LSE atomic op ordering is weaker than intended?

Wed Mar 3 18:40:55 GMT 2021

On Thu, Mar 04, 2021 at 03:04:20AM +0900, Hector Martin wrote:
> On 04/03/2021 00.36, Will Deacon wrote:
> > > Did I miss something, or is this in fact an issue?
> > 
> > Both. The -AL atomics are actually special-cased in the
> > "barrier-ordered-before" relation in the Arm ARM:
> > 
> >    [RW1 is barrier-ordered-before if]
> >    * RW1 appears in program order before an atomic instruction with both
> >      Acquire and Release semantics that appears in program order before
> >      RW2.
> > 
> > However, that isn't sufficient to order prior accesses with the "load part"
> > of the RmW and later accesses with the "store part" of the RmW, as you have
> > observed in your test. I'm aware of some pending proposals in this area of
> > the architecture, so I'm reluctant to make any changes until that's
> > bottomed-out, but I'll make a note to chase that up.
> 
> I had actually seen that part of the spec, and looked at it sideways a few
> times, but concluded it wasn't giving me the ordering guarantees I was
> looking for (this was before I wrote the litmus test). You're right, it does
> nonetheless make it stronger than the mere combination of _acquire and
> _release semantics.
> 
> Glad to hear this is something being worked on! I've been giving myself a
> crash course in memory model minutiae over the past few weeks :)
> 
> > > (And while I'm talking to the right people: this issue aside, do atomic ops
> > > on Normal memory create ordering with Device memory ops, or are there no
> > > guarantees there due to the fact that Normal memory is mapped
> > > inner-shareable and the ordering guarantees thus do not extend to
> > > outer-shareable Device accesses? My currenty understanding is the latter,
> > > but I find the ARM ARM wording hard to conclusively grok here.)
> > 
> > Outer-shareable is a superset of inner-shareable, but I think this would be
> > easier with a specific example. I'll go and look at the AIC patch, since
> > this is all a lot easier to talk about in the context of some real code.
> > 
> > Which is the latest version I should look at?
> 
> I'm just about to send a v3 tomorrow, so I'll CC you on that patch (don't
> bother with v2, this part of the code is changing a lot). That said, it's
> basically the following two sequences:
> 
> A:
> 
> // ...stuff that needs to be ordered prior to the atomic here
> ret = atomic_fetch_or_release(flags...)
> if (condition on ret and unrelated stuff) {
> 	writel(reg_send, ...) // includes pre-barrier

Looks you have a control dependency here, so I think that can be
writel_relaxed() [with a comment!].

> }
> 
> B:
> 
> writel_relaxed(reg_ack, ...)

Interesting, is there no MMIO read on the IRQ path?
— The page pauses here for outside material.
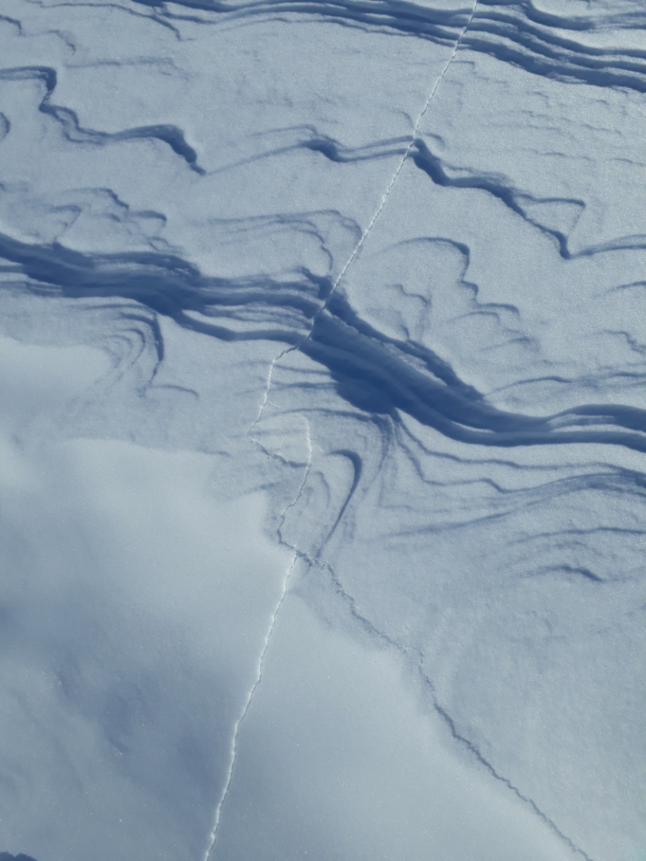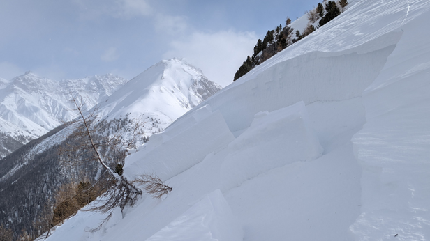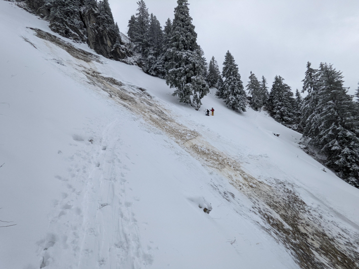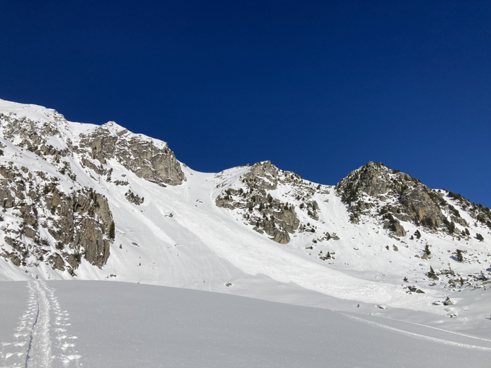 La situation avalancheuse «neige ancienne» était visiblement encore présente, mais elle n’était plus aussi aigüe. Au même moment que ces avalanches sporadiques, des pentes même raides étaient empruntées par des skieurs et les endroits dangereux n’étaient plus aussi nombreux.

> dma_wmb() // need a post-barrier
> atomic_fetch_andnot_acquire(flags...)
> // ...stuff that needs to be ordered after the atomic here

This looks pretty dodgy to me as a later read could drift up before teh
writel_relaxed().

> My current understanding is that I cannot drop the dma_wmb() in B and use
> _relaxed in A() and instead use full-ordered atomic ops, because the atomic
> ops, operating on normal IS memory, would not make any statements regarding
> ordering with device OS memory. I need the I/O writes to be ordered with
> regard to the atomics.

If this is all to do with IPIs between CPUs and the "stuff that needs to be
ordered <before/after> the atomic" is all normal, cacheable memory then I
dont't think you need to worry about the outer-shareable domain at all. The
only reason we have that in dma_*mb() is because the coherent DMA buffers
might be non-cacheable to deal with non-coherent DMA.

But hack something together, and I'll look at your v3 to see what's going
on.

Will